| Age |
41 |
| Title |
President |
| Company |
Happy &
Healthy Products, Inc. |
| Year founded |
1991 |
| Location |
Boca Raton, Fla. |
| Began company with |
About $150,000 |
| Employees |
10 (110 franchises in 39 states) |
| Most recent annual revenue |
$3.5
million (1998 and 1999 combined) |
Email:
behappy@fruitfull.com |
Linda Kamm sells the same tropical fruits she cultivates in her Florida garden: papaya,
mango, orange, and lemon. She's also got star fruit, grapefruit, and lime. But there's
another parallel between her garden and her company. This is hurricane country, where all
of the hard work that goes into weeding, pruning, and fertilizing can be blown away in a
matter of seconds. And that's exactly what happened to Kamm's business eight years ago.
Only it wasn't a natural disaster that swept it all away. It was her then-partner who more
or less stole her first $4 million fruit bar company out from under her.
Here's how she got started, the first time. "I was depressed," Kamm recalls.
"I didn't like the people I was working with and I didn't see anything out there I
believed in." A Texan raised in Georgia, Kamm majored in sports broadcasting at the
University of Georgia, never taking a single business course ("I was afraid I'd get
caught in a secretarial role"). She was in sales, peddling a TV guide and then frozen
desserts, when she decided to put her hopes in writing. "That forces you to say, 'I'm
making this a goal,' and that can cause things to happen," she says. "I wrote
that I'd like to own a house, and to start my own business."

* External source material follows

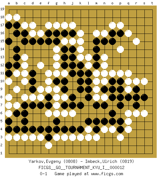 Last move : 0-1 2009 September 1 21:49:11 [Event "FICGS__GO__TOURNAMENT_KYU_I__000012"] [Site "FICGS"] [Date "2009.01.05"] [Round "1"] [Black "Yarkov,Evgeny"] [White "Imbeck,Ulrich"] [Result "0-1"] [Rating 1 "0808"] [Rating 2 "0819"] 1.d4 d16 2.c16 c17 3.c15 e16 4.d15 q4 5.d10 q16 6.k4 q10 7.k10 m3 8.m4 n4 9.n5 l4 10.m5 l3 11.l5 o4 12.o5 k16 13.p10 p11 14.p9 q9 15.q8 q6 16.p7 o11 17.o10 m11 18.l11 n10 19.n9 m9 20.o8 n8 21.n7 m8 22.o6 r15 23.f16 f17 24.f15 g17 25.e15 k8 26.j8 k14 27.j14 j15 28.h14 c3 29.c4 d3 30.e4 e3 31.f3 f2 32.g4 g3 33.f4 h3 34.h4 j3 35.j4 k3 36.p5 q5 37.r8 q11 38.p4 p3 39.s8 s6 40.m12 n12 41.m13 n13 42.m14 m16 43.n15 n16 44.o15 p14 45.p16 p17 46.o16 o17 47.m15 s10 48.r7 r6 49.r9 r10 50.h16 h15 51.g16 h17 52.j16 j17 53.g15 k15 54.k9 k13 55.j13 l12 56.l10 m10 57.l8 b5 58.b4 b7 59.c6 b9 60.b6 b11 61.b12 c12 62.b13 c13 63.b14 e12 64.k12 l13 65.l9 c10 66.d11 c11 67.d9 c8 68.d7 j12 69.k11 g14 70.h13 g13 71.h12 g12 72.j11 h11 73.j12 f11 74.m7 o9 75.p8 d8 76.n9 n11 77.o9 e9 78.a5 g9 79.c5 g7 80.h7 h8 81.k7 h6 82.j7 f6 83.a7 a8 84.c7 a6 85.b17 d17 86.a11 a10 87.a12 b18 88.b16 a7 89.a17 a18 90.a15 b3 91.a4 a3 92.e7 e8 93.g5 g6 94.h9 g8 95.h10 g11 96.g10 f10 97.f7 j6 98.f8 f9 0-1 This go game has been lost on time (started : 2009.01.05 0:2:36) Here are the names of the openings (joseki) played in the four corners : Corner d16 : d16 c16 Hoshi (Hwajeom, Seongjeom, Xingwei`) 4-4 Point. The star or hoshi (4-4) point, emphasizing influence at the potential expense of territory. Player White won this Go (weiqi, baduk) game. Follow this game move after move (download)The saki bottle shape is negative. (Anonymous) Winning isn't everything... but losing is nothing. (Mednis)

Writing it down was the catalyst Kamm needed to take action on an observation she'd
made. She'd noticed that health-conscious women were being virtually ignored by the
ice-cream business. "The biggest consumers of fruit bars are women in their 20s
through their 50s who read wrappers," she explains. Yet the places they patronized in
the mid-'80s produce markets, health clubs, and health-food stores weren't
carrying healthy frozen dessert products.
"Two weeks later, I was sitting on a friend's balcony griping that I couldn't do
the house or the business, that there was no money. And she suddenly said, 'Linda, I'll
loan you the money.'" Thus, Kamm's first company was born in 1986.
In no time, she purchased and then mortgaged her new condo to raise start-up capital.
She found a fruit bar manufacturer and set up a nationwide network of distributors.
Business boomed. Thanks to her sales savvy, production outgrew a garage and moved into a
plant. But a hurricane was brewing.
Kamm didn't own the formula or the trademark the manufacturer did. "And
then he got greedy," she says. "He started getting my bigger distributors to buy
directly from the plant, even though my contract said he couldn't." By 1992, Kamm had
been cut out of the business entirely and the matter ended up in court. Meanwhile,
"overnight, I had no business," she says.
The result was some hard-won wisdom: "I realized the most important things needed
to be successful long-term were, one, I needed control of the product, and, two, I needed
to run a franchise, not a distributorship." She reasoned that with franchisees, the
relationships would be far closer. Kamm, who was just 31 at the time, figured she could
build deep loyalty across the franchise by providing good support, training, and ongoing
assistance.
So she set out to do the fruit bar thing all over again, only the right way. "The
hardest time in my life was starting over," she says. "I stood to lose
everything. I told the former employees who were depending on me, 'Hang in there, I'll get
going again.'"
Her genuine belief in the goodness of the product kept her going as she concocted a new
formula, borrowed $100,000 from a distributor (and still more from friends and family),
and mortgaged her home yet again.
Today, Happy & Healthy Products franchises sell seven million bars a year. Kamm
works seven days a week on the company Web site, developing new items (trail mix and
energy bars are in the works), and on nationwide charitable projects; a portion of all
sales go to nonprofit children's hospitals and the Miami Project on Paralysis. She also
recruits. But unlike most franchise CEOs, she's learned to be extremely choosy about who
gets taken into the fold. "I'm careful," she says, "not to accept people
who'll be aggressive to the point of trying to squash others."